**Exercise description**. Since pictures do not belong in the copy, please repeat every record below exactly without them.

··· Material to process ···

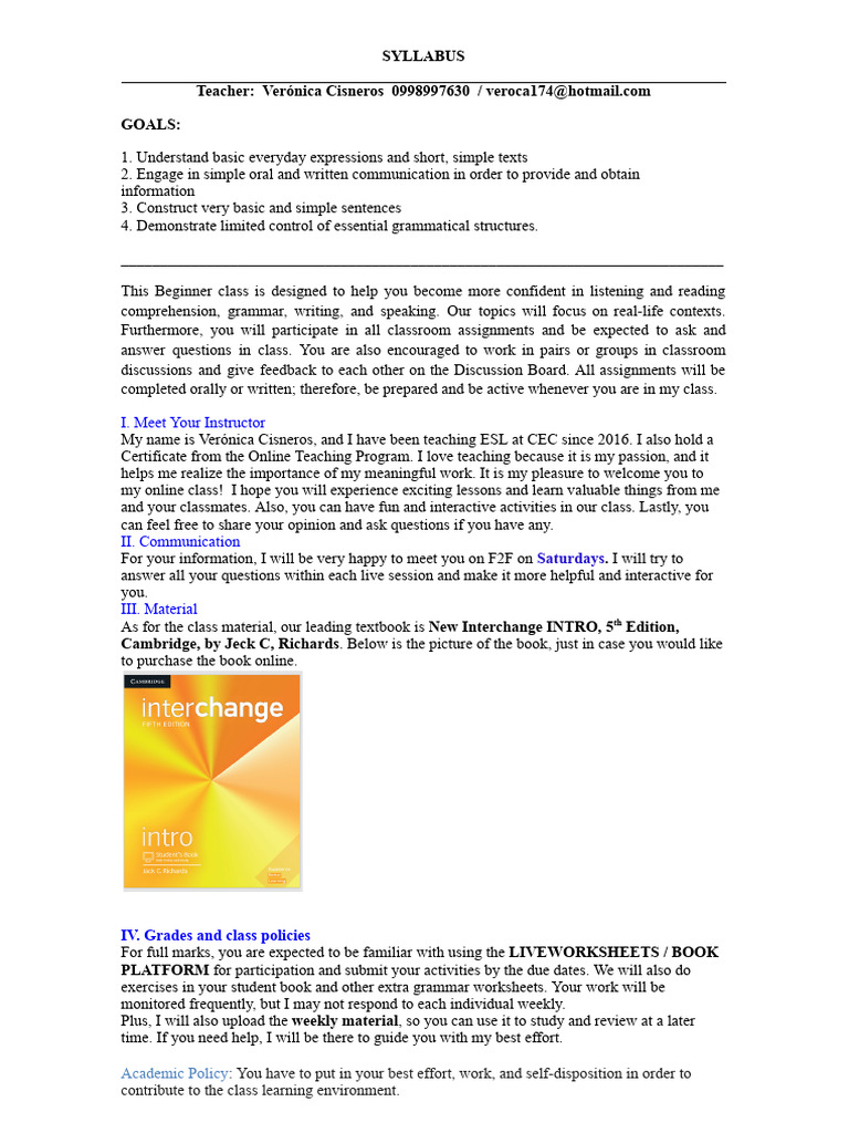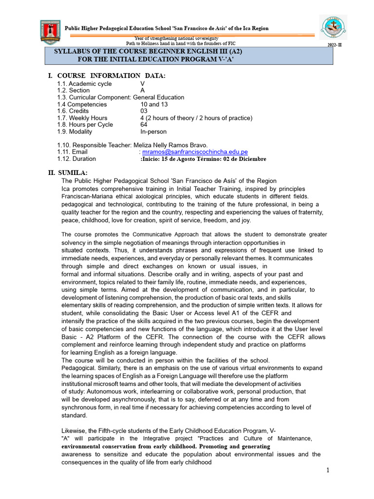 Syllabus Beginner English II - Initial V - A Completed | PDF | Empathy ...
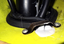 穴はノコ刃で削って少し拡大して、ブーツも切れ目入れて、金具で強引に止める事にした。 |
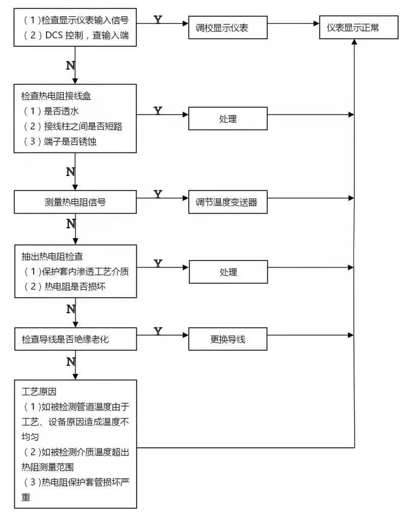 因為是正常生產(chǎn)中的故障,不是新安裝的熱電阻,是用可以排除熱阻線極接反。排除上述因素后可以按下圖的思路進行判斷和檢查。
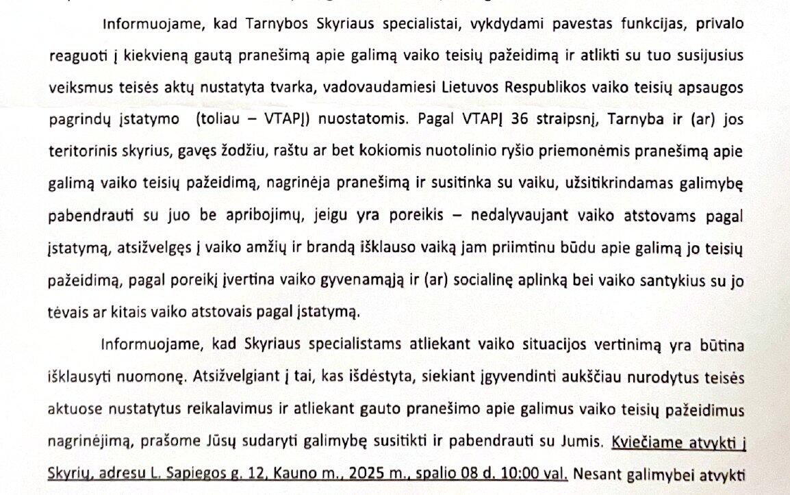 2025 m. spalio 9 d. su tarnyba susirašinėjęs pilietis gavo įstaigos išvadas, esą, jis atsisakė bendradarbiauti. „Delfi“ laišką su išvadomis matė, tačiau neviešina, kad nepažeistų vaiko interesų.
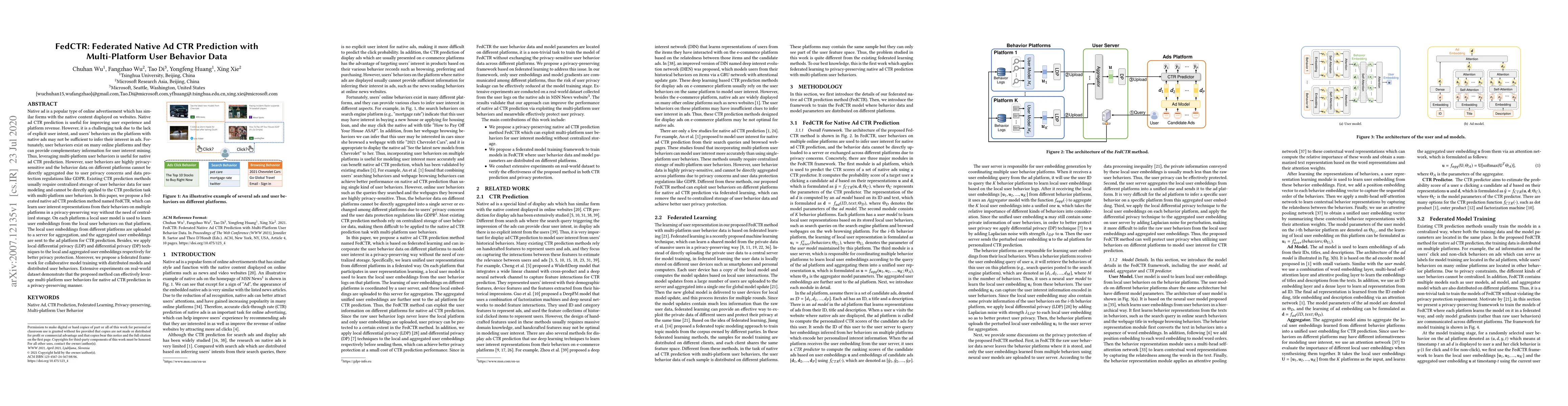 FedCTR proposes a federated learning method for predicting native ad click-through rates (CTR) by leveraging multi-platform user behavior data while ensuring user privacy through techniques like Local Differential Privacy (LDP) and Differential Privacy (DP). The method aggregates local user embeddings from different platforms for effective CTR prediction without compromising user privacy.

···

**Answer for this exercise**.
 Syllabus Beginner English II - Initial V - A Completed | PDF | Empathy ...
 穴はノコ刃で削って少し拡大して、ブーツも切れ目入れて、金具で強引に止める事にした。 |
 因為是正常生產(chǎn)中的故障,不是新安裝的熱電阻,是用可以排除熱阻線極接反。排除上述因素后可以按下圖的思路進行判斷和檢查。
 2025 m. spalio 9 d. su tarnyba susirašinėjęs pilietis gavo įstaigos išvadas, esą, jis atsisakė bendradarbiauti. „Delfi“ laišką su išvadomis matė, tačiau neviešina, kad nepažeistų vaiko interesų.
 FedCTR proposes a federated learning method for predicting native ad click-through rates (CTR) by leveraging multi-platform user behavior data while ensuring user privacy through techniques like Local Differential Privacy (LDP) and Differential Privacy (DP). The method aggregates local user embeddings from different platforms for effective CTR prediction without compromising user privacy.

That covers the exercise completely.